Along with testing the content, you want to test the manner in which the tool responds, because that can be critical on the liability side.

If it doesn’t know something, or the query goes outside the parameters of what it’s programmed to answer, or it’s asked something inappropriate, what do you want the tool’s response to be?

Do you want the tool to repeat the question before declining to answer or just decline to answer? Or is there another response you want it to give?

“It could be something simple like, repeat back the question first,” said White, or “it could simply ignore the query: ‘Hey, I know you … said something nefarious and inappropriate. I only know [XYZ] policy.’ Or it could ignore what the person said and say, ‘I only know about [XYZ] policy.’”

Conversational AI

Satisfi launched with a focus on sports and entertainment companies. For these companies, White said, there tends to be a big gap between staff size and the number of customers attending an event. Think of tens of thousands of fans at a concert or at a football game compared to just a few staff available to answer their queries.

For companies to augment staff, Satisfi makes an app available for fans to download to their phone to get their queries answered by a chatbot.

“It’s about how you, as a fan, can find out everything around you without moving from your seat,” White said. “A human could not even do that.

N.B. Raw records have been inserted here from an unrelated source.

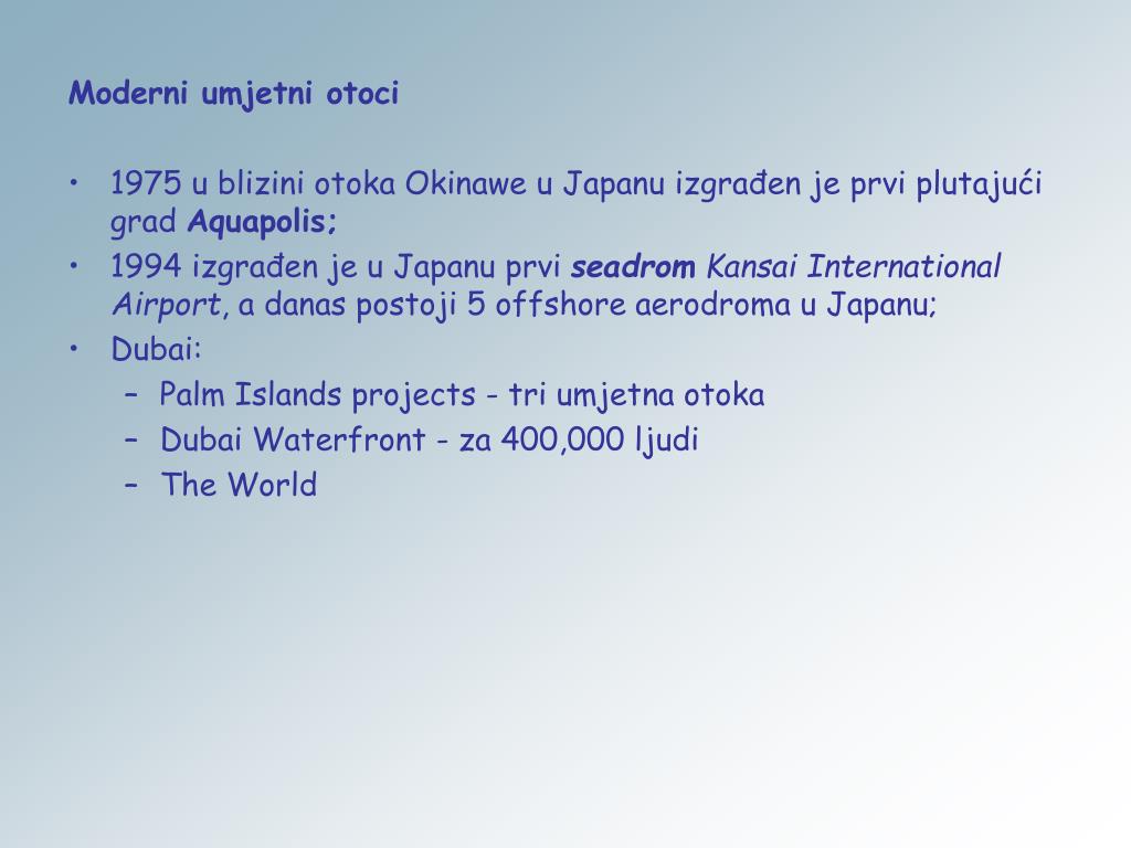 Moderni umjetni otoci • 1975 u blizini otoka Okinawe u Japanu izgrađen je prvi plutajući grad Aquapolis; • 1994 izgrađen je u Japanu prvi seadromKansai International Airport, a danas postoji 5 offshore aerodroma u Japanu; • Dubai: • Palm Islands projects - tri umjetna otoka • Dubai Waterfront - za 400,000 ljudi • The World
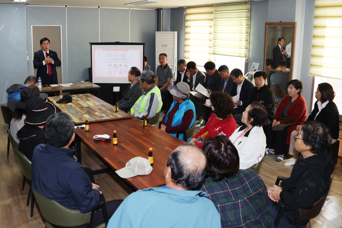 | ▲ 문경복 군수가 진촌6리 ‘리별속속마을간담회’에 참석해 주민들에게 현안에 대해 설명하고 있다. (사진=인천 옹진군청 제공) |
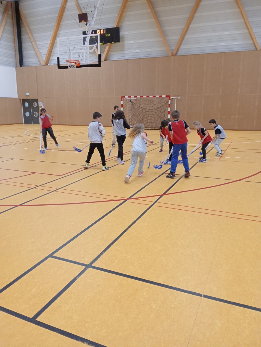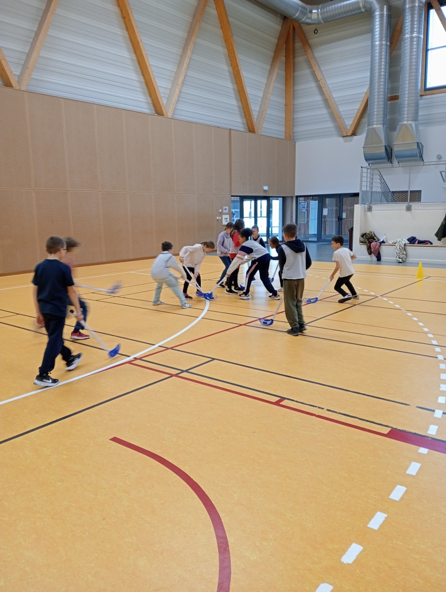 Lors de cette deuxième période de l’année, les CE2-CM1 se sont initiés au floorball.
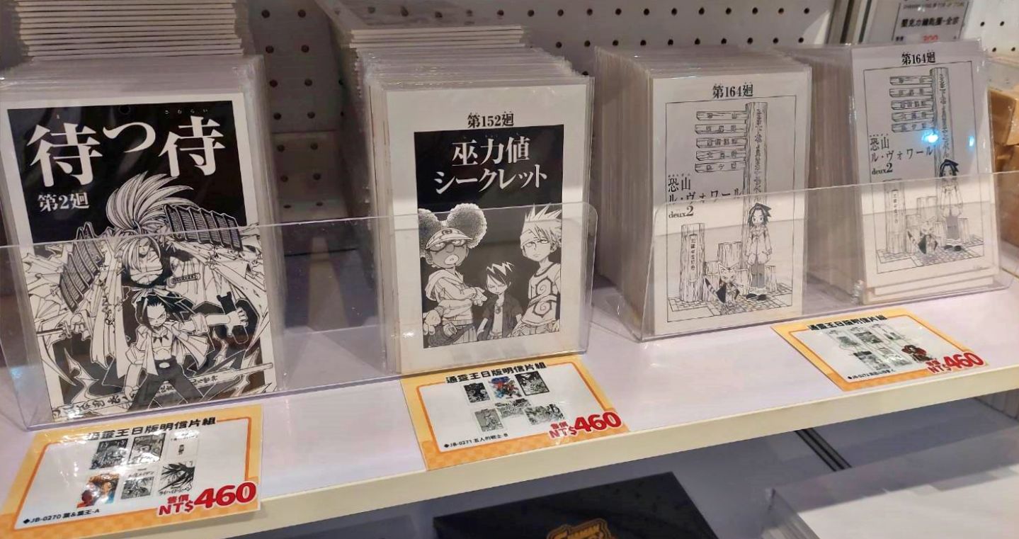 看完特展後,快閃店為各位粉絲準備了許多商品以便珍藏特展回憶。這次的日版商品皆是來自從 2019 年底起開跑的《通靈王》20 週年原畫展,包括朱印帳、安娜的念珠,還有許多與發奮丘溫泉相關的周邊,不可或缺的登場角色立牌,以及將許多經典漫畫內頁製作為明信片組、可自己填空的便條紙等等。除此之外還有不少有趣且值得收藏的大集合,比方說各隊徽章、場景壓克力立牌;想要收藏武井老師重新繪製的美圖,那絕對不可以錯過隨機色紙、珪藻土杯墊。
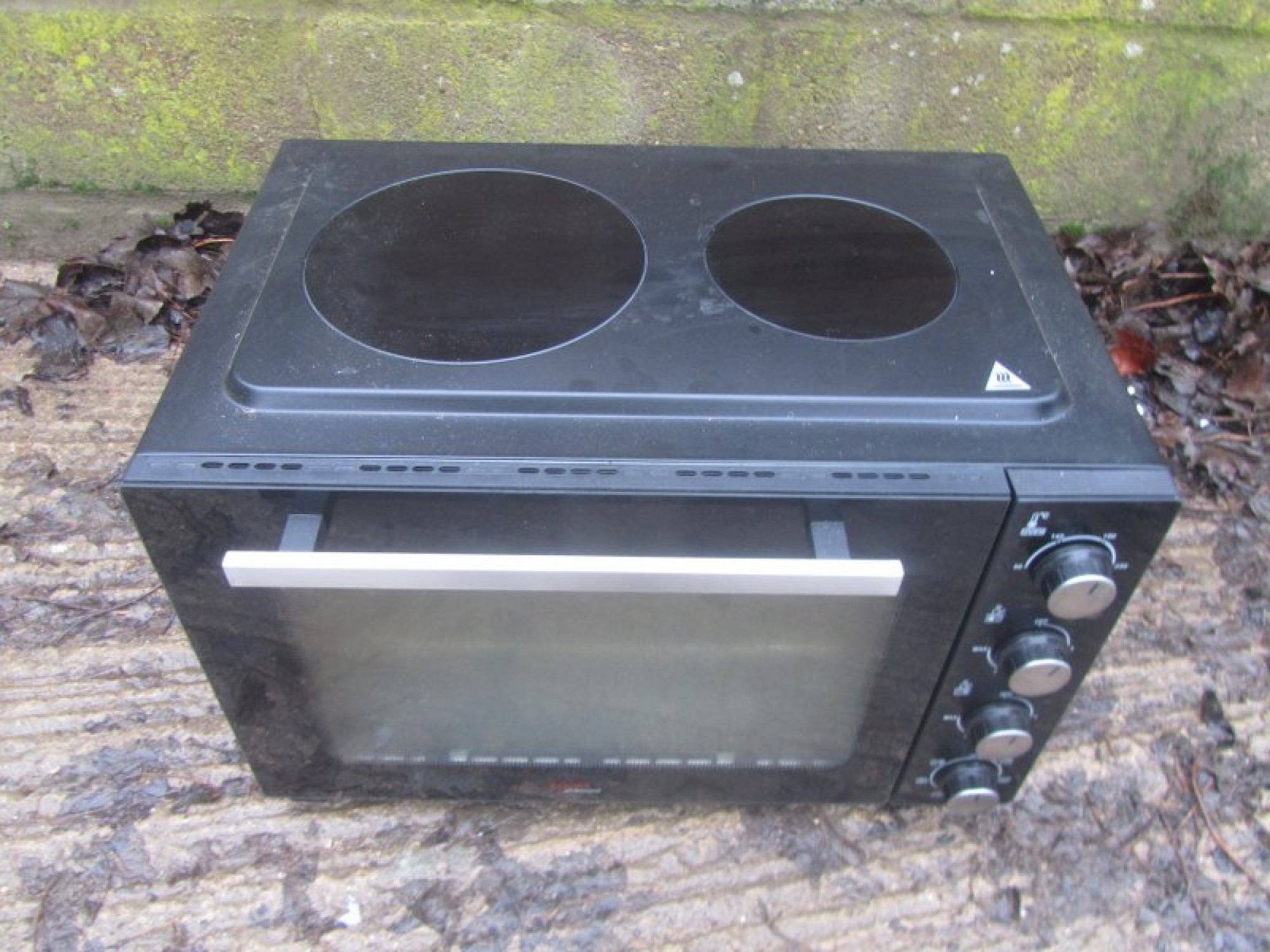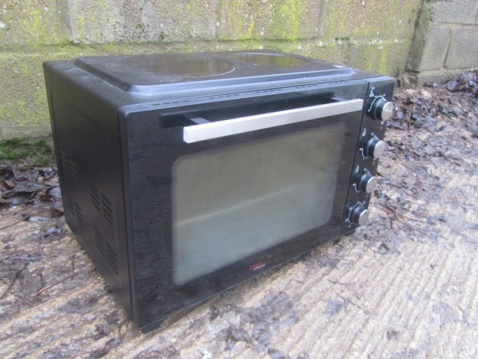 A COMPACT OVEN TO SIT ON A WORK TOP. WORKS ON MAINS PLUG. A SIMPLE ELECTRIC GRILL / OVEN WITH 2 CERAMIC RINGS ON TOP. IDEAL FOR ONE PERSON TO COOK PIES, CHIPS etc. IT NEEDS A CLEAN. IT IS A CURRENT MODEL AND RETAILS AT £190.
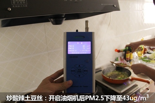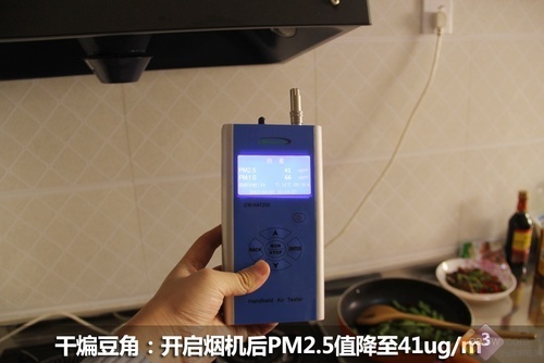 开启烟机5分钟后,干煸豆角时厨房的PM2.5含量值迅速降低值41ug/m3。
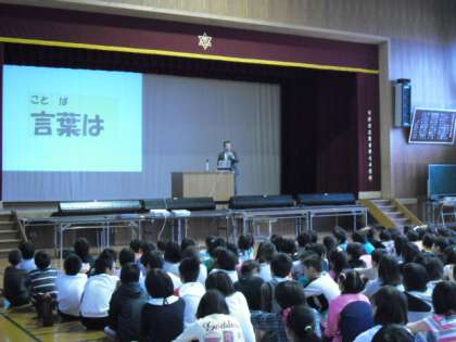 秋といえば,スポーツの秋,食欲の秋,芸術の秋,読書の秋・・・校長先生はその中でも「読書の秋」を取り上げられ,読書で豊かになる「言葉」について,お話をされました。優しい言葉があふれる朱七校になっていくことを願いながら,秋の夜長,読書にふけりたいと思います。
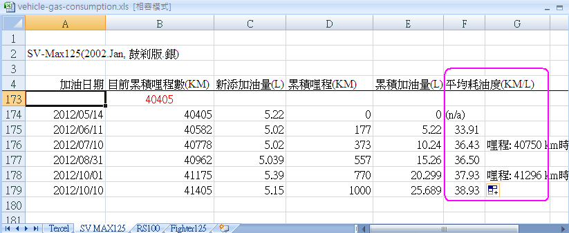 夜尋左 wrote: 想請教各位現在新車的油耗會這麼誇張嗎0.0?? 如果可以的話可以順便PO各位的油耗參考看看...(恕刪)(SV-Max125, 2012/10/10 updated)

AI is the only way that could ever happen.”

When a fan queries the tool, the accuracy of the response depends on how well the tool was set up at deployment – what data sources it was given, whether it was corrected during testing if it gave an incorrect answer or went outside its data sources, and so on – and how well the data sources are kept updated.

Considerations about set-up and ongoing data quality apply to any generative AI tool, not just Satisfi’s.

In Satisfi’s case, White said, the company maps out data quality upfront.

“We set up [updating] as part of the onboarding,” White said. “We have an understanding of what data changes, how often it changes, and then give the client the opportunity to update it themselves in real time or reach out to us.”

Most clients manage the task themselves. “Usually it’s marketing or guest services departments” who keep the data updated, he said.

Unique to his company’s software, White said, is a response moderator to help ensure the tool stays within the parameters of the data sources and otherwise doesn’t go off the rails by blocking any response that goes outside the criteria that were set for the tool at deployment.

“When it goes outside of [the expected outcomes], it violates the criteria,” White said. “Then we can go back and the moderator will rescind it and say, ‘Try again; you didn’t get it right,’ until it passes the test.”

The company has a patent pending on the moderator. “It literally constrains the generative AI to exactly what the client says is available information to answer the question,” he said.

In-house role

Whatever tool a company ends up using, there’s a role for in-house counsel, White said.

It’s incumbent on the legal team to limit liability by writing a set of terms and conditions on use of the AI tool. That will help ensure users’ expectations are aligned with the risk the company is prepared to take.

“I’ve spent more time with lawyers on this topic in the last two months than in the last five years,” he said. “If in-house lawyers aren’t focusing on this space, they’re missing a lot of opportunity” to add value as their company deploys the technology.